Looking to the stars
Outside of the traditional and emerging Southeastern markets that investors and developers are bullish on, Florida’s Space Coast was said to be an attractive region for multifamily prospects. The aerospace industry is taking off in Brevard County on the east coast of Florida with firms like Elon Musk’s SpaceX and Jeff Bezos’ Blue Origin investing heavily in the market with space and sub-orbital launches.

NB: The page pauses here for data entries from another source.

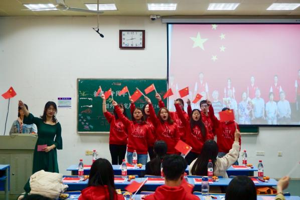 “全世界都在说中国话……”,班会在歌曲《中国话》的悠扬旋律中拉开了序幕。七十年斗转星移,随着改革开放的不断深入发展,中国走向世界,中国话乃至中国文化也跨出国门,引领时代发展。南腔北调中国话,国富民强盛世歌。在优美动听的歌声以及整齐划一的动作中,同学们惊叹中国文化的博大精深、中国汉语的抑扬顿挫以及中国发展的日新月异。“我和我的祖国,一刻也不能分割……”,紧接着,大合唱《我和我的祖国》的歌声在教室里回荡。中国,在历史的变迁中腾飞,每一个中国人,所经历的苦与乐都与祖国奋发图强的发展密不可分,都与时代铿锵有力的脚步息息相关。“我和我的祖国,像海和浪花一朵”,同学们的歌声,仿佛让人看到了浩瀚无垠的大海上,成千上万的浪花,随着崩腾不息的大海在跳跃、在拼搏。歌曲前后旋律交相辉映,引发共鸣,现场所有观众纷纷挥动手中的小红旗,加入到合唱当中。浑厚有力的音符里,每一个节拍都跳动着一颗颗炽热赤子之心。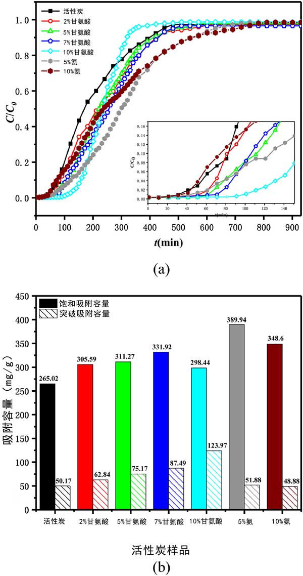 测试了选定的甲苯VOC对活性炭的吸附性能。在每个实验运行中,甲苯通过装有活性炭的吸附管直到达到平衡,即活性炭吸附剂被甲苯饱和。图2(a)所示的穿透曲线呈现为甲苯吸附量吸附(ç/ç0)与接触时间(吨,分钟)六种的活性炭正在进行中,它们的饱和和突破吸附容量如图2所示(b)。从吸附曲线可以看出,甘氨酸修饰的活性炭的穿透时间明显延长,而饱和氨改性活性炭的时间延长。活性炭上甲苯穿透吸附能力的顺序为10%甘氨酸改性活性炭>7%>5%>2%>5%氨改性活性炭>未改性活性炭>10%氨改性活性炭,而活性炭对甲苯饱和吸附容量的顺序如下:5%氨改性>10%>7%甘氨酸改性>5%>2%>10%>未改性活性炭。可见甘氨酸修饰对甲苯吸附有显着的正向影响。与原来的AC相比,甘氨酸改性的活性炭对甲苯的突破吸附能力分别提高了25%、50%、74%和147%,随着甘氨酸浓度的增加呈上升趋势。同时,甘氨酸改性的活性炭对甲苯的饱和吸附容量分别增加了15%、17%、25%和13%,且随着甘氨酸浓度的增加先增加后减少。5%和10%的氨改性也提高了甲苯的吸附性能,但其优势主要体现在饱和吸附容量上,与原来的活性炭相比,分别提高了47%和32%。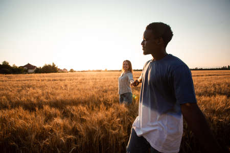 Black male hand and white female hand reach for each other outdoors. Multiracial love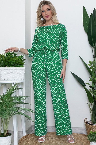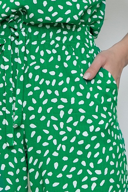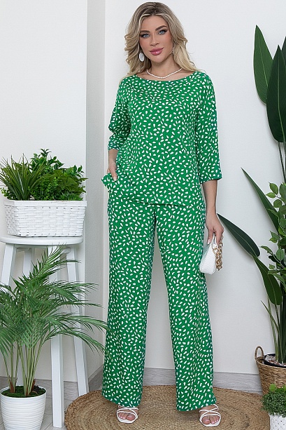 Брючный комплект из комфортного,вискозного текстильного полотна.Блузка свободного силуэта.Брюки свободного силуэта с посадкой по талии присборенные на эластичную резину и дополненные регулируемой кулиской.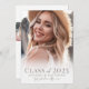 Um anúncio de graduação simples e elegante, inspirado no bô, com uma estética leve e brilhante. A frente apresenta uma foto de página de cheio com um gradiente branco suave na parte inferior, formando o texto de forma elegante. "Classe de 2025" aparece em fontes clássicas bege ou taupe, seguidas pelo nome do formando e pela escola em elegante roteiro manuscrito para um toque de eterno. O verso mostra uma colagem de três fotos ou banda fotográfica, juntamente com o nome do formando, a escola e o espaço para uma mensagem pessoal destacando realizações e planos futuros. A design continua com um fundo branco e um esquema de cores bege, criando uma vibração harmoniosa e sofisticada. Totalmente personalizável para se adequar ao seu estilo ou corresponder às cores da escola.
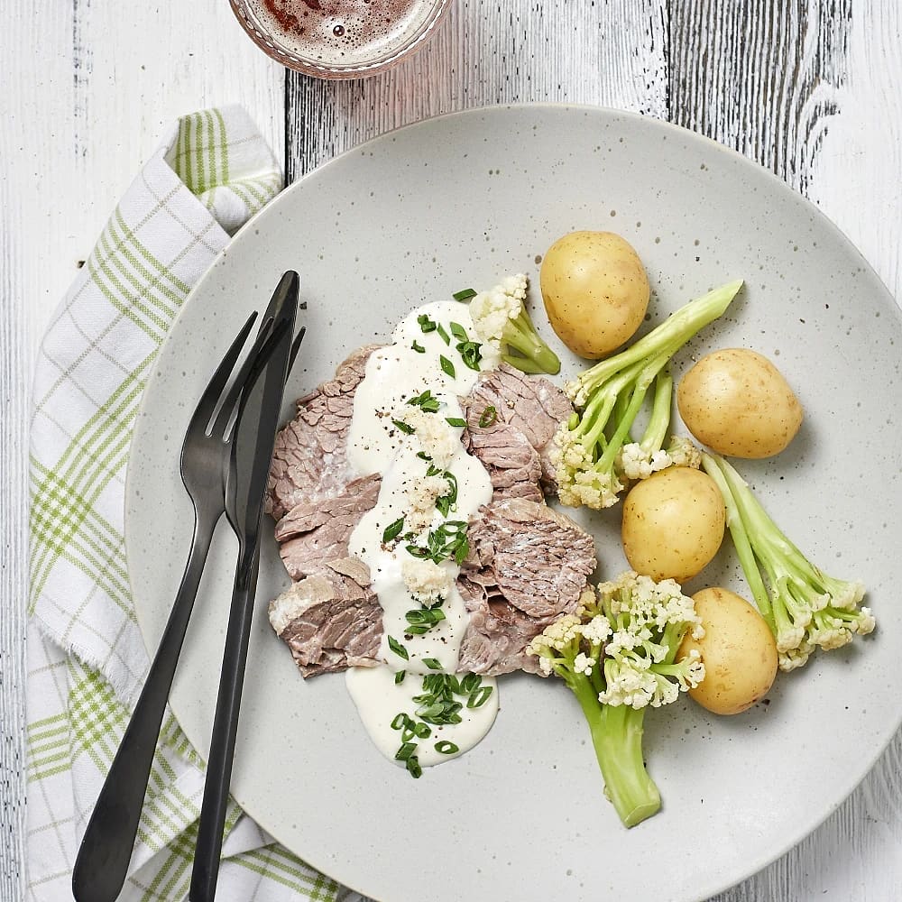 Kokt färsk oxbringa med pepparrotsås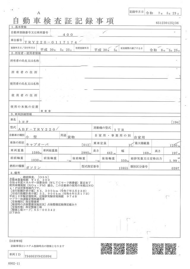 荷台内寸284×160×38 車両外寸443×169×197 車両総重量3.5t未満 新普通免許 4ナンバー エンジン型式1TR 2000cc 保証付 小型 トラック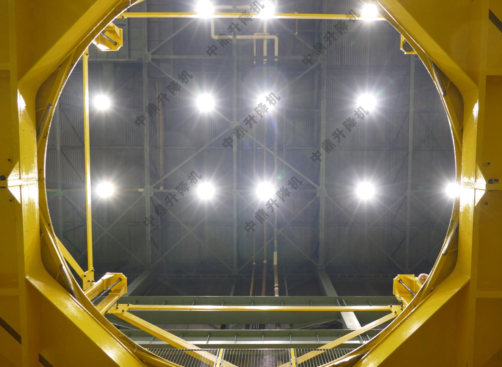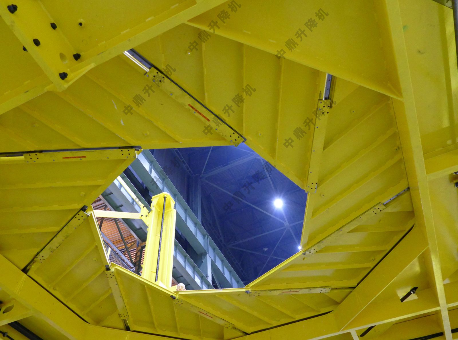 平臺和樓梯組件的升降是通過放置在每個角柱上的四個滾珠絲杠驅動的,每個滾珠絲杠由強大的電機驅動,每個滾珠絲螺釘彼此機械同步。中央光圈開啟驅動是液壓的。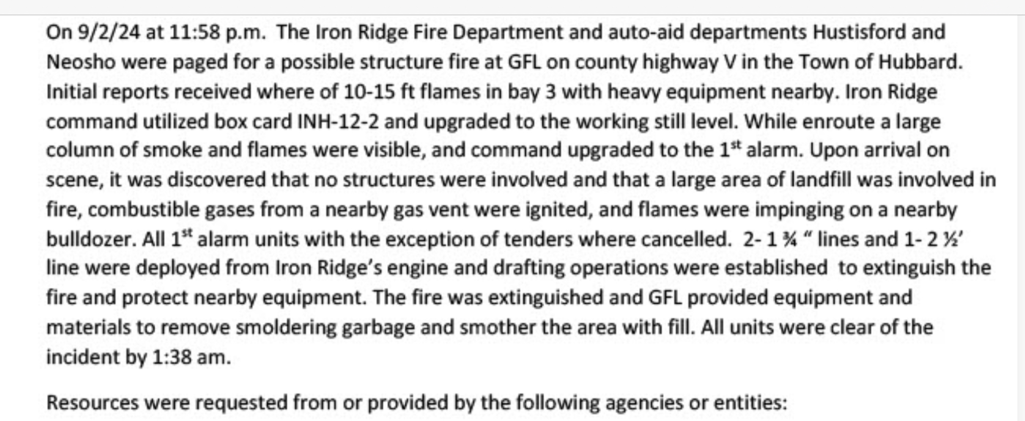 September 3, 2024 – Dodge Co., Wi – Fourteen departments responded to a fire in Dodge County early Monday morning, September 3, 2024.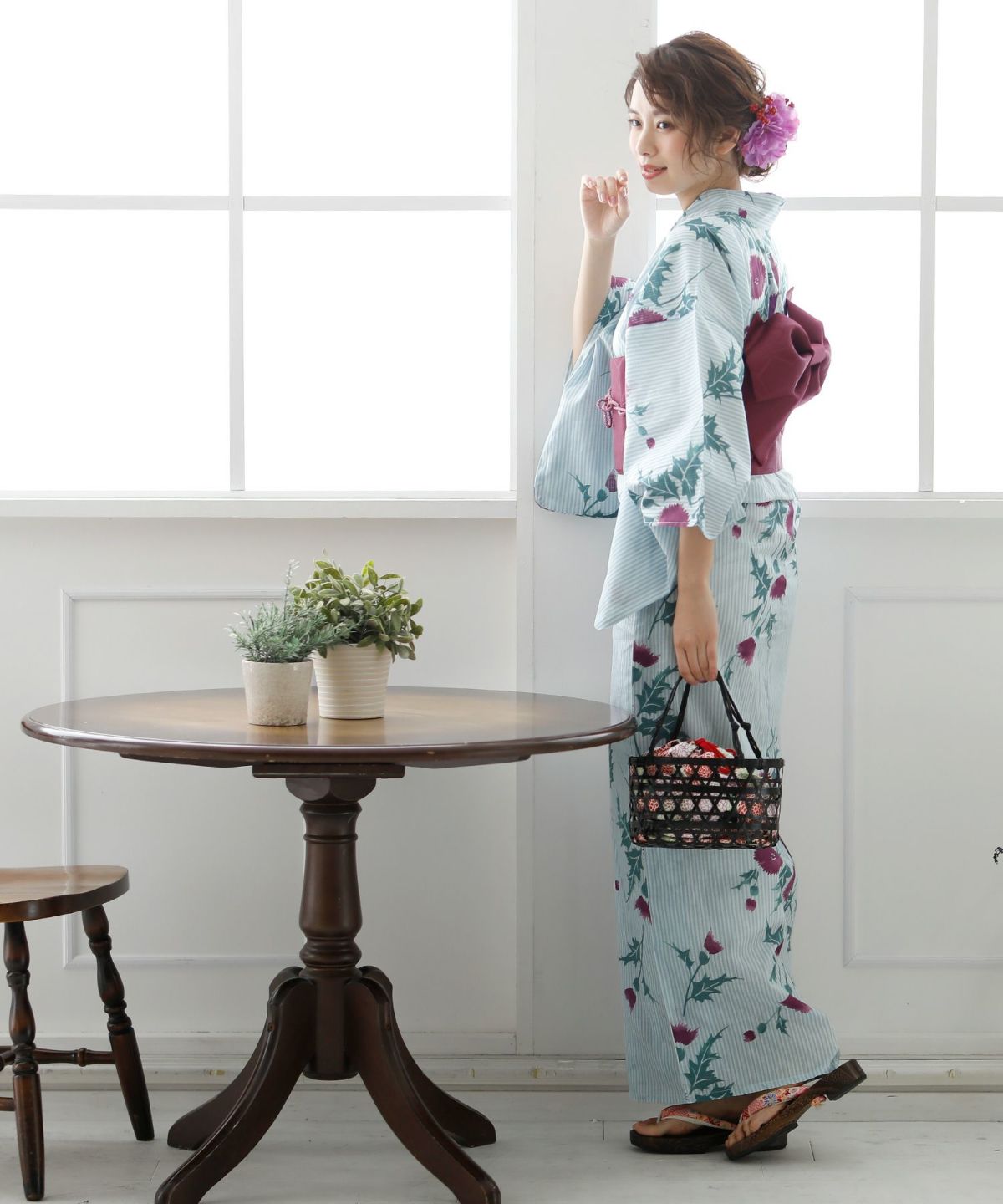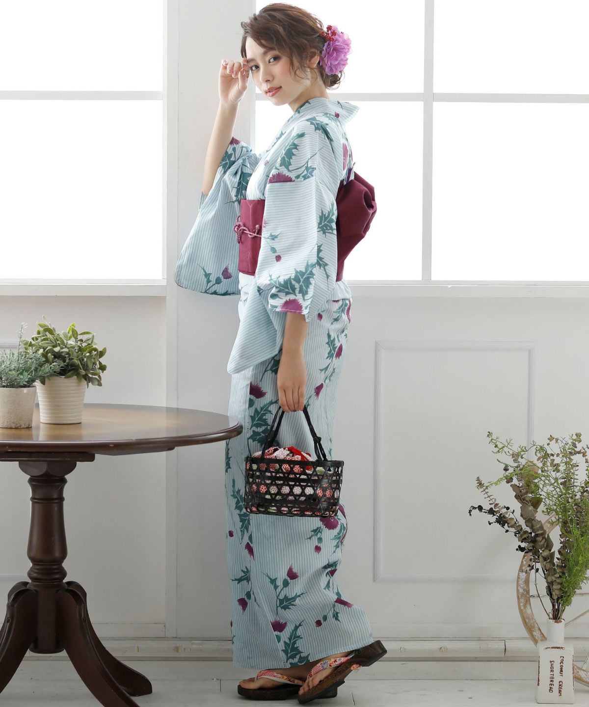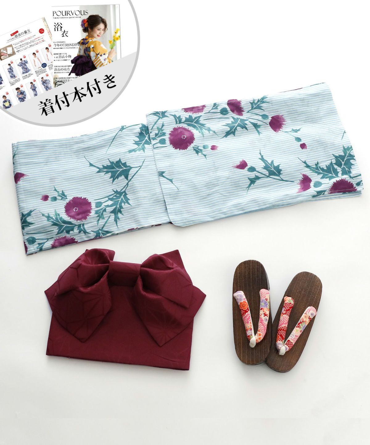 ◆4点セット(浴衣/着付け本/作り帯/下駄:フリーサイズ23cm~25cm)

SpaceX has requested to launch as many as 40,000 Starlink satellites in the coming years and is also building out its rocket program in the Space Coast. Blue Origin is building a 90-acre expansion of its existing $200 million rocket facility, and the company is reportedly investing more than $1 billion to work on an infrastructure dubbed “the road to space” that could facilitate millions of people to work, travel and potentially live in space.

The aerospace defense industry is also a prominent employment engine in the Space Coast with established firms like Lockheed Martin, Rockwell Collins, Northrop Grumman and the merger between Harris Corp. and L3 Technologies.

The Brevard County cities of Melbourne, Titusville and Palm Bay are seeing new employees come in from all over the world to work in the space and aerospace industries, and Venterra’s Marbach said they’ll need a place to live.

“Highly educated individuals from India, California and all over the world are coming in, and they’re not looking for single-family homes,” said Marbach. “With tech you can do it most anywhere — Atlanta, Austin, Seattle — but with space launch, there are very few places you can be located. There’s less multifamily product per capita in the Space Coast, and we’ve been trying to capitalize on that.”

MultiVerse Global LLC, in partnership with Integra Land Co. and JMG Realty, is building 600 apartment units within Space Coast Town Centre in West Melbourne. Zimmerman Development is also building The Highline, an eight-story, 171-unit community in downtown Melbourne.